Ans: Calculations are shown in the table below.
-Calculations for YTM of the 2-year zero: N=2, PV=-890.00, PMT=0, FV=1000, i2=6.0.
-Calculations for YTM of the 1-year zero: N=1, PV=-931.97, PMT=0, FV=1000, i1=7.3.
-Calculations for f2 : (1.06)2/(1.073) - 1 = .047157502, f2 = 4.7157502%
-As shown by the calculations below, you purchase enough 2-year zeros to offset the cost of the 1-year zero. At time 1 the 1-year zero matures and you get $1,000. At time 2 the 2-year zeros mature and you have to pay 1.047157502 * $1,000 = $1,047.16. You are effectively borrowing $1,000 a year from now and paying $1,047.16 a year from then. The rate on this forward loan is $1,047.16/$1,000 - 1 = .04716, which equals the forward rate for the second year (f2).
Strategy Cash FlowBuy a 1-year zero-coupon bond -$931.97Sell 1.047157502 2-year zeros $890.00 * 1.047157502 = $931.97Net Cash Flow $0.00
Q6. (1 p) Discuss marking to market and margin accounts in the futures market.
7 Ans: When opening an account, the trader establishes a margin account. The margin deposit may be cash or near cash, such as T-bills. Both sides of the contract must post margin. The initial margin is between 5 and 15% of the total value of the contract. The more volatile the asset, the higher the margin requirement.
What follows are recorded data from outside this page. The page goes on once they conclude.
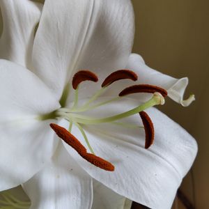 おはようございます。 我が家の百合はこんな感じ ゴージャスに咲いてくれたけど市販とはちょっと違うから傷みが出ちゃうかな でも香りはどっちいいから玄関で癒されてます😌 昨年購入2年目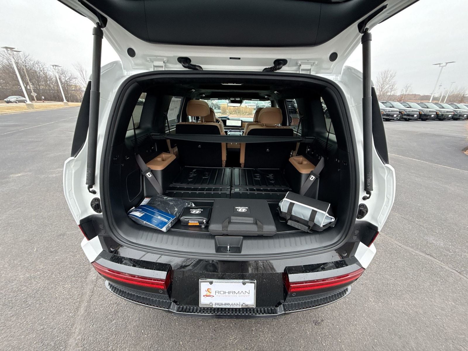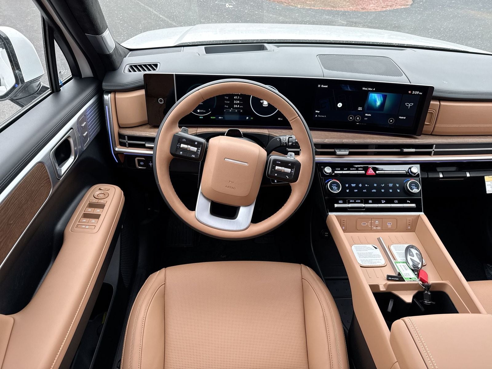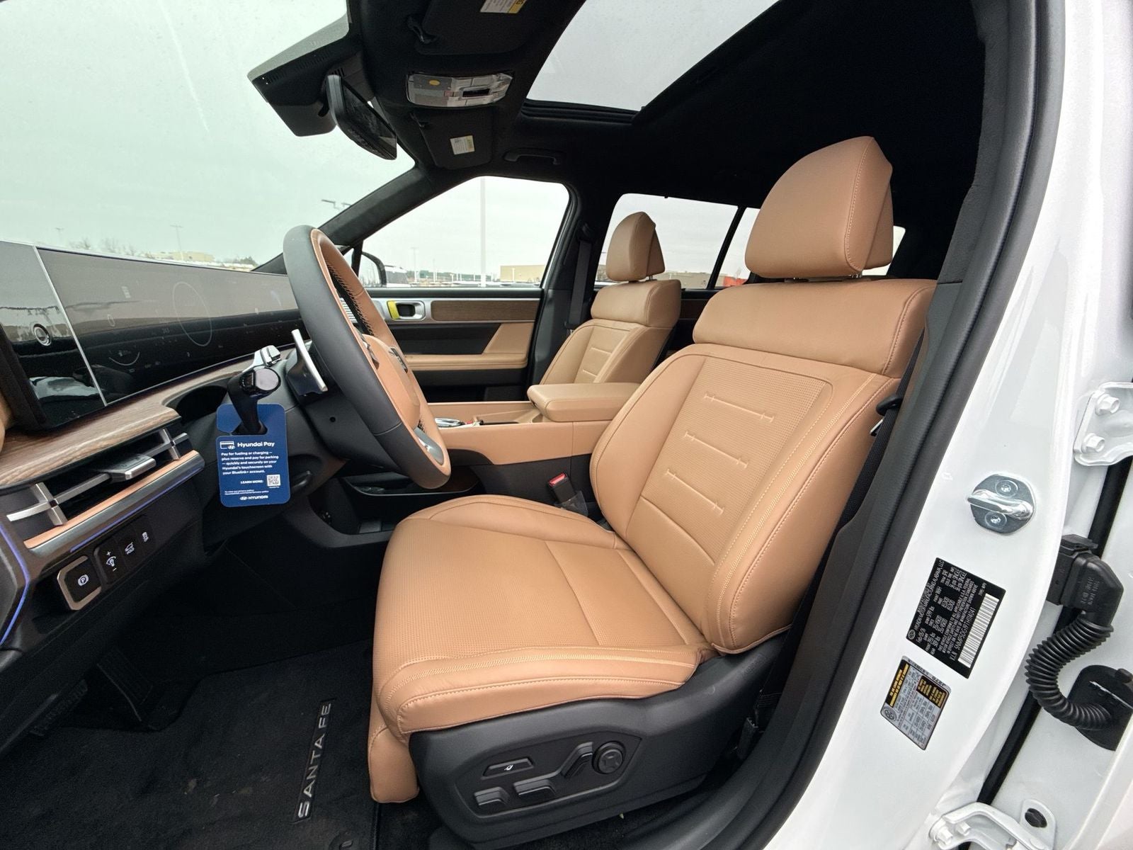 $5,170 off MSRP! Priced below KBB Fair Purchase Price! With options like Option Group 01, 12 Speakers, 3rd row seats: bench, 4-Wheel Disc Brakes, ABS brakes, Air Conditioning, Alloy wheels, AM/FM radio: SiriusXM, Apple CarPlay & Android Auto, Auto High-beam Headlights, Auto-dimming Rear-View mirror, Automatic temperature control, Brake assist, Bumpers: body-color, Cargo Cover/Screen, Cargo Net, Cargo Organizer, Cargo Tray, Carpeted Floor Mats, Delay-off headlights, Driver door bin, Driver vanity mirror, Dual front impact airbags, Dual front side impact airbags, Electronic Stability Control, Emergency communication system, Exterior Parking Camera Rear, First Aid Kit, Four wheel independent suspension, Front anti-roll bar, Front Bucket Seats, Front Center Armrest, Front dual zone A/C, Front reading lights, Fully automatic headlights, Garage door transmitter: HomeLink, Heads-Up Display, Heated and Ventilated Front Bucket Seats, Heated door mirrors, Heated front seats, Heated rear seats, Heated steering wheel, Illuminated entry, Knee airbag, Leather steering wheel, Low tire pressure warning, Memory seat, Navigation System, Occupant sensing airbag, Outside temperature display, Overhead airbag, Overhead console, Panic alarm, Passenger door bin, Passenger vanity mirror, Power door mirrors, Power driver seat, Power Liftgate, Power moonroof, Power passenger seat, Power steering, Power windows, Quilted Premium Nappa Leather Seat Trim, Radio: AM/FM/HD Bose Premium Audio System, Rain sensing wipers, Rear anti-roll bar, Rear side impact airbag, Rear window defroster, Rear window wiper, Remote keyless entry, Roadside Assistance Kit, Security system, Speed control, Speed-sensing steering, Split folding rear seat, Spoiler, Steering wheel mounted audio controls, Tachometer, Telescoping steering wheel, Tilt steering wheel, Traction control, Trip computer, Turn signal indicator mirrors, Variably intermittent wipers, Ventilated front seats, and Wheels: 20 x 8.5J Unique Dark Finish Alloy. Serenity White 2026 Hyundai Santa Fe Hybrid Calligraphy AWD 6-Speed Automatic with Shiftronic I4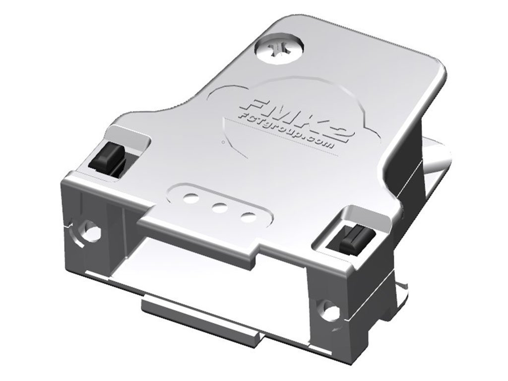 FCT Metal Backshell for D-Sub Connector, Shell Size 2, 45° Angle Cable Outlet, Large Inner Chamber, with M2.5 Threaded Insert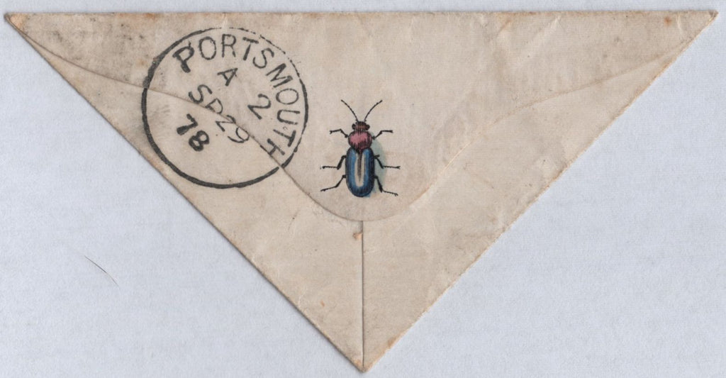 1878 MINIATURE TRIANGULAR ENVELOPE GODALMING, SURREY TO PORTSMOUTH 1D PL.196 (SG43) WITH FINE COLOURED IMAGE OF BEETLE ON REVERSE. A very fine miniature triangular envelope from Godalming to 'Mrs South, 8 Kingston Avenue, Portsmouth, Hants' with fine 1d pl.196 (SG43) lettered BL tied fine strike 'GODALMING/316' duplex SP 29 78. On reverse superb and detailed coloured image of a beetle and alongside 'PORTSMOUTH' date stamp SP 29 78. Scarce and most unusual. (Ref 141996).

The clearinghouse recognizes profits and losses at the end of each trading day; this daily settlement is marking to market, thus proceeds accrue to the trader's account immediately; maturity date does not govern the realization of profits or losses.
22. (1.5 p) In an increasingly globalized investment environment, comparability problems become even greater. Discuss some of the problems for the investor who wishes to have an internationally diversified portfolio.
Ans: Firms in other countries are not required to prepare financial statement according to U. S. generally accepted accounting principles. Accounting practices in other countries vary from those of the U. S. In some countries, accounting standards may be very lax or virtually nonexistent. Some of the major differences are: reserve practices, many countries allow more discretion in setting aside reserves for future contingencies than is typical in the U. S.; depreciation practices, in the U. S., firms often use accelerated depreciation for tax purposes, and straight line depreciation for accounting purposes, while most other countries do not allow such dual accounts, and finally, the treatment of intangibles varies considerably across countries. Finally, the problem of obtaining financial information may be considerable for some international investments, varying currency exchange rates present additional complications, translation of statements into English is another complication; potential government expropriation of assets and political unrest may be problems in some countries. In general, for the individual investor, investing in global or international mutual funds is a less risky way to add diversification to the portfolio than is attempting to value individual international securities.
23. (1 p) Discuss rate anticipation swaps as a bond portfolio management strategy.
Ans: Rate anticipation swap is an active bond portfolio management strategy, based on predicting future interest rates. If a portfolio manager believes that interest rates will decline, the manager will swap into bonds of greater duration. Conversely, if the portfolio manager believes that interest rates will increase, the portfolio manager will swap into bonds of shorter duration. This strategy is an active one, resulting in high transactions costs, and the success of this strategy is predicated on the bond portfolio manager's ability to predict correctly interest rate changes consistently over time (a difficult task, indeed).